The last “Perfect 10” on our list is dedicated to discovering new cystic fibrosis (CF) treatments. CF is a genetic disorder that primarily affects the lungs and causes difficulty breathing. While share prices have only increased 5% year-to-date, the company’s broad product pipeline inspires confidence.

The company controls a majority of the cystic fibrosis market space, as its drugs treat the underlying causes of the genetic disease. VRTX believes that it has only reached half of the patients that could benefit from these treatments. Management believes they can expand their patient base by another 50% through additional treatments for younger patients.

Not to mention VRTX stands to grow its reach even further. The company plans to file a triple-drug combo for FDA approval to help it access more of the market as well as develop therapies for other diseases.

On June 7, VRTX announced that it entered into a definitive agreement worth $245 million to acquire all outstanding shares of gene editing therapies developer Exonics Therapeutics. Exonics’ technology will allow VRTX to offer treatments for other genetic diseases such as Duchenne Muscular Dystrophy (DMD).

Ahead of its July 31 earnings release, the company is expected to deliver gains. According to consensus estimates, revenue could reach $884 billion, up 18% year-over-year. Quarterly EPS should also see an increase of 11%, reaching $1.04 per share.

H.C. Wainwright analyst, Andrew Fein, is optimistic about this biotech. On July 22, he reiterated his Buy rating and price target of $220, suggesting 27% upside.
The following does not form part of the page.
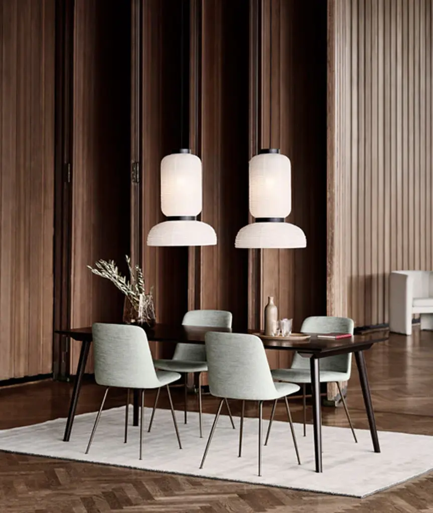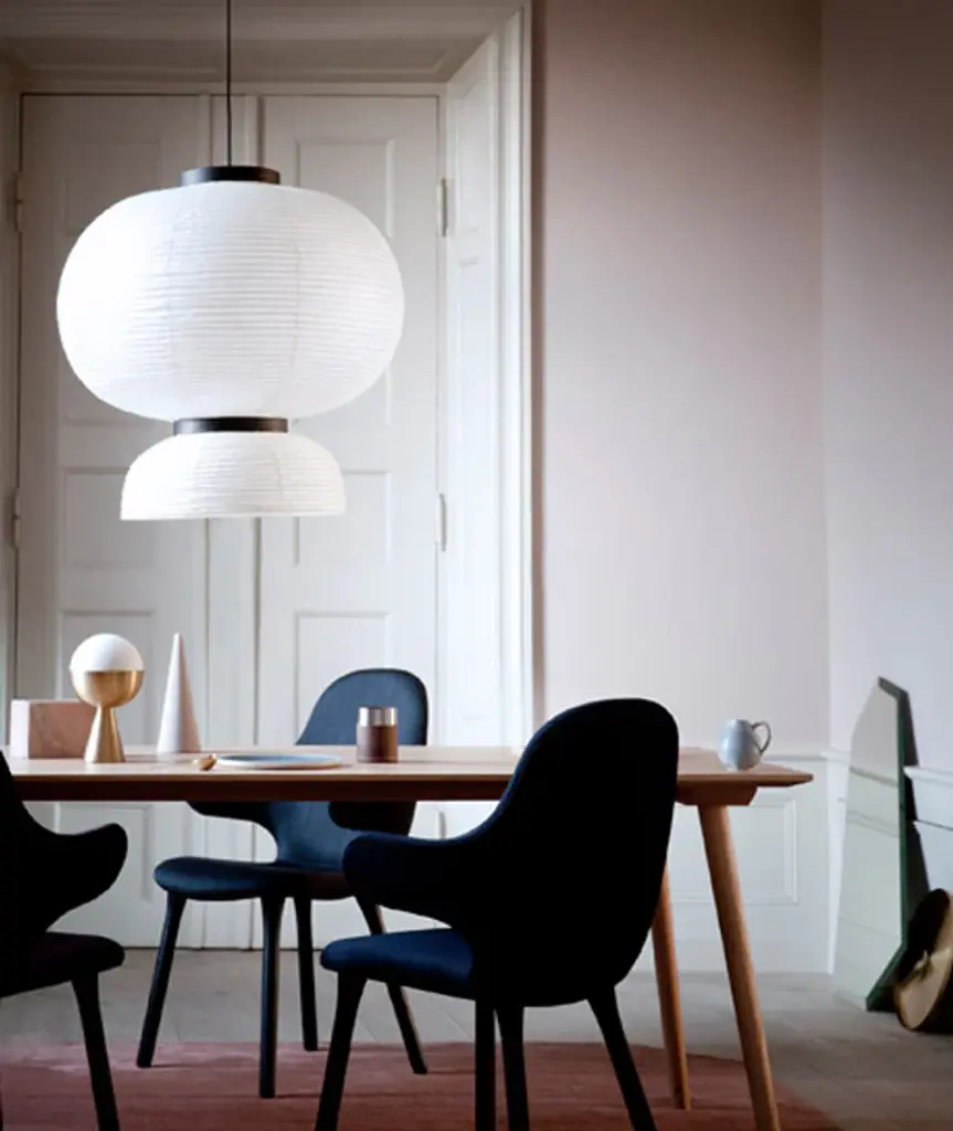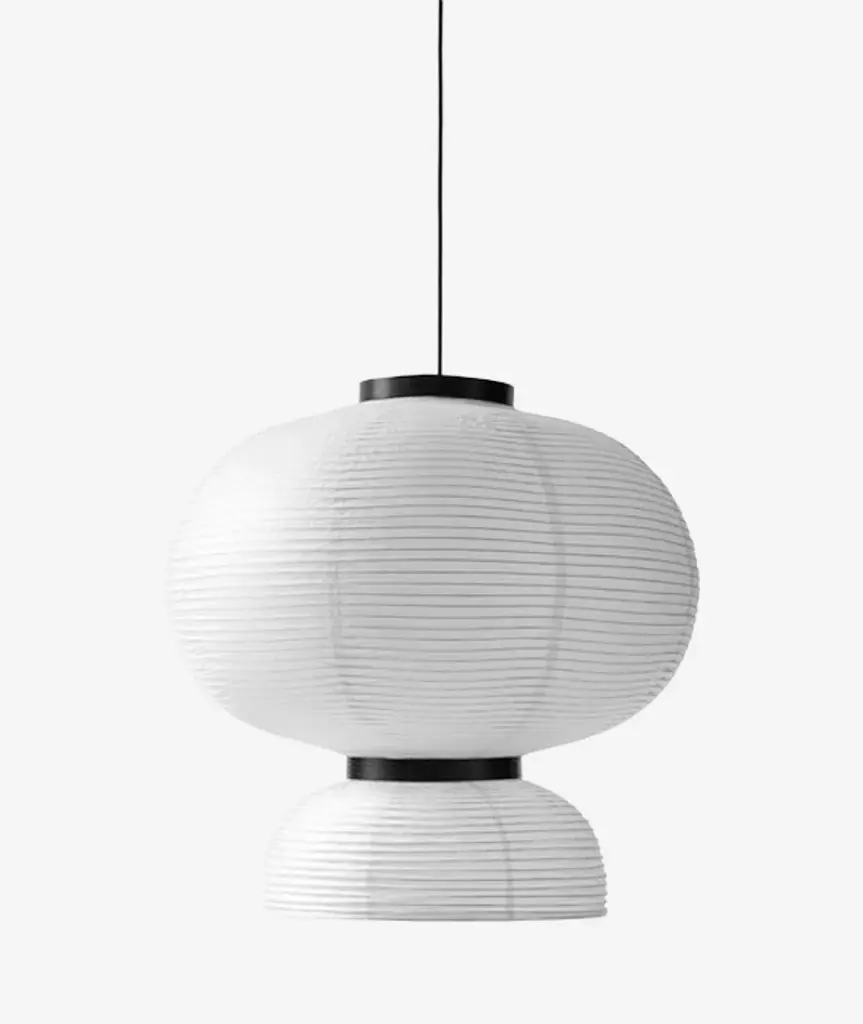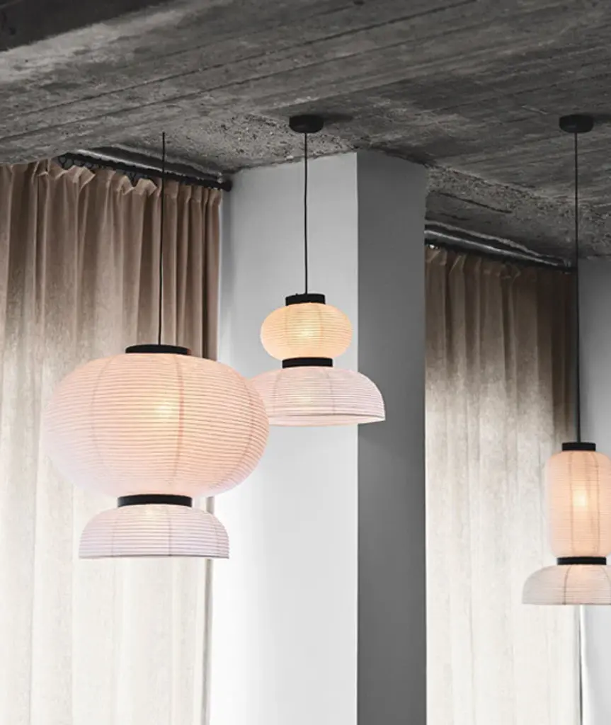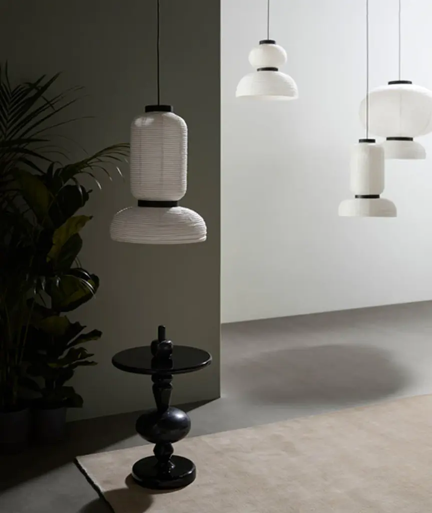 East meets West in Jaime Hayon’s playful tweak of a traditional Asian lantern in contemporary expression. Dating back centuries, paper lanterns have featured in Asia amongst the privileged and the poor, where different colors, shapes, and sizes connote different meanings. Here Hayon has dispensed with cultural formalities to create a series of lamps all in white. Hand crafted with rice paper merging various sizes and shapes together. The series is comprised of three different lantern versions and a table lamp in ivory white rice paper with black stained oak accents.

He notes that while the company runs the risk of “failure in further combination clinical studies, failure to achieve peak sales revenue and product competition”, he maintains his bullish thesis.

Top financial blogger, William Meyers writes, “In the past I have usually cautioned about its relatively high stock price and market capitalization compared to other large-cap biotechs, but its pipeline is broad and deep, which is a good sign for long-term investors,” he said.

The Street is bullish on VRTX. The stock boasts a ‘Strong Buy’ analyst consensus and a $215 average price target, suggesting 23% upside. It also has a very bullish sentiment from news outlets, with positive technicals and fundamentals.